Finally I had enough money for a PC to play Doom, my brother and I played Doom
for a couple of years on our home lan. I played dialup doom with friends. I
played Doom with the mouse and keyboard because it was the only easy way to
strafe kill someone "easily". and then Quake came out.... I went to a friends
place and they were playing DM. I hadn't even heard of Quake. I was like "What
is this game" "Oh its Quake, by those guys who made Doom". I had to get it. I
had a 486. Wasn't ever going to fly. It ran like shit. You couldn't run out
and buy a AMD cpu to play it on either because of the FPU. You had to have an
Intel. So I bought a second hand Pentium 60, and off I went! I still remember
the day I got the Pentium 60 and 8mb of ram and now I could also run Windows
95 too.

Quake was a genre changing game, probably one of the most influential games
ever. id loved to make modifiable games, and Doom had quite a solid mod
community, but Quake was really the Internet's child. The Quake servers that
came online initially were dark foreboding places for anyone not on a fixed
line connection. You'd be dead before you knew what happened, so then Carmack
created QuakeWorld, with the predictive movement, and suddenly online gaming
FPS on a modem was a whole new experience.
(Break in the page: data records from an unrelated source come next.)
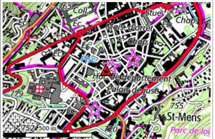
Carte : 3338 GAP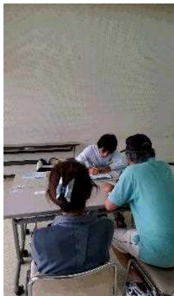
外国人のための法律相談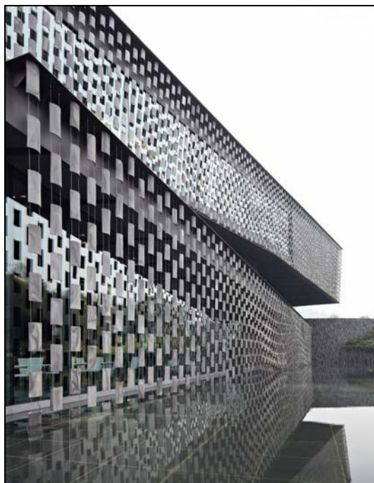
Figura 02. Detalhe Telha.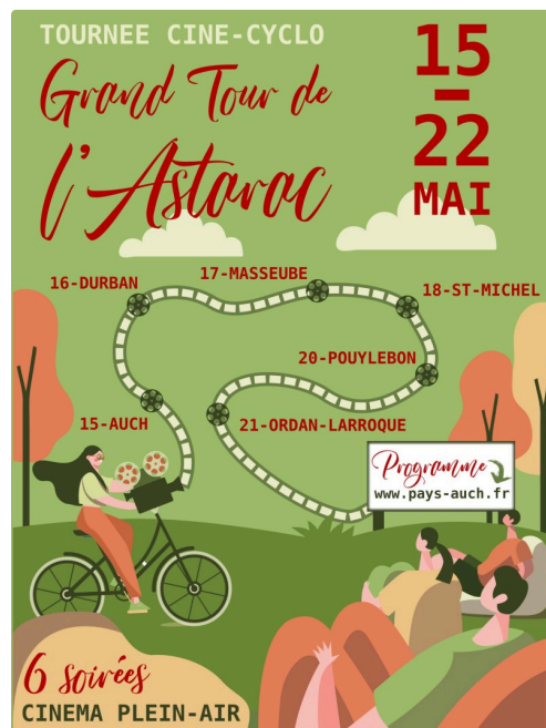
auch velo Tournee-Cine-Cyclo-2024.jpg

Pour fêter le lancement de ce premier circuit vélo en itinérance dans le Gers, le Pays d'Auch organise, du 15 au 21 mai, une tournée de 6 soirées en plein-air un peu particulières. Au programme, des documentaires, des témoignages et des rencontres pour apprendre et échanger sur les enjeux de la transition dans un cadre convivial.... le tout alimenté à la force des mollets. Chaque soirée sera organisée en partenariat avec une association locale en lien avec le thème du film projeté.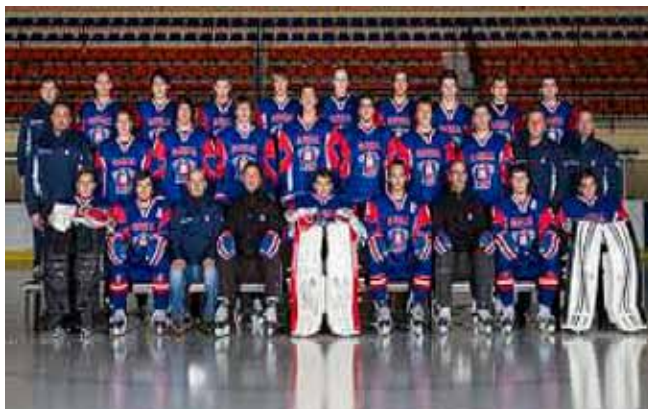
Besedilo: Miro Oberstar

V nadaljnji karieri mu želimo še veliko športnih uspehov.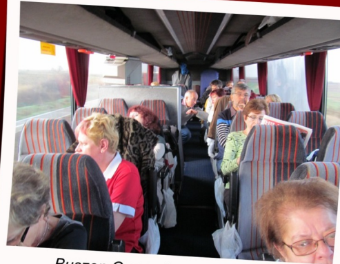
Buszon Gyergyószentmiklós felé

Estefele érkeztünk meg Gyergyószentmiklóstra, ahol a szállásunk a belvárosi Szilágyi Hotel volt. Vendéglátó kórusunk a gyergyószentmiklósi Szent Miklós Kamarakórus már tárt karokkal és teli kancsókkal várt minket. Nagy viszontlátás volt, egy rövidebb összejövetel, majd vacsora következett. Hiába a 12 órás út kifárasztotta kórusunk tagjait, így egy kiadós vacsora után aludni tértünk.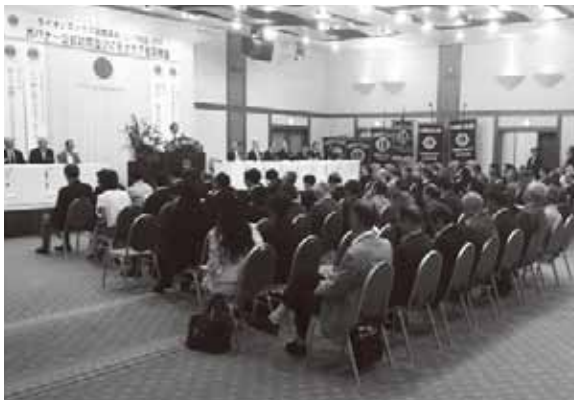
ガバナー挨拶 全景

最後になりましたが、キャビネット役員の益々の活躍をご期待申し上げ、また、ゾーン内のクラブ会員の皆様に感謝を申し上げ報告といたします。

So many game sites spawned from the advent of Quake that are still around
today. Entire media companies popped up around it.

People have mentioned in other threads why didn't more people use SVGA mode.
The answer is because no computer could run it at an acceptable speed. What
came of that? GLQuake. Then people were buying shitty (not at the time!)
Voodoo 3dfx cards to play GLQuake, with the broken GL implementation Glide,
and thus the video card arms race was born.

I got my first real job because of my affiliations with the Quake community.
My first true love (who I met through Quake), "Internet friends" that I made
playing QuakeWorld that I am still friends with today.

I don't believe any other game has had anywhere near as much influence on my
life, or gaming in general.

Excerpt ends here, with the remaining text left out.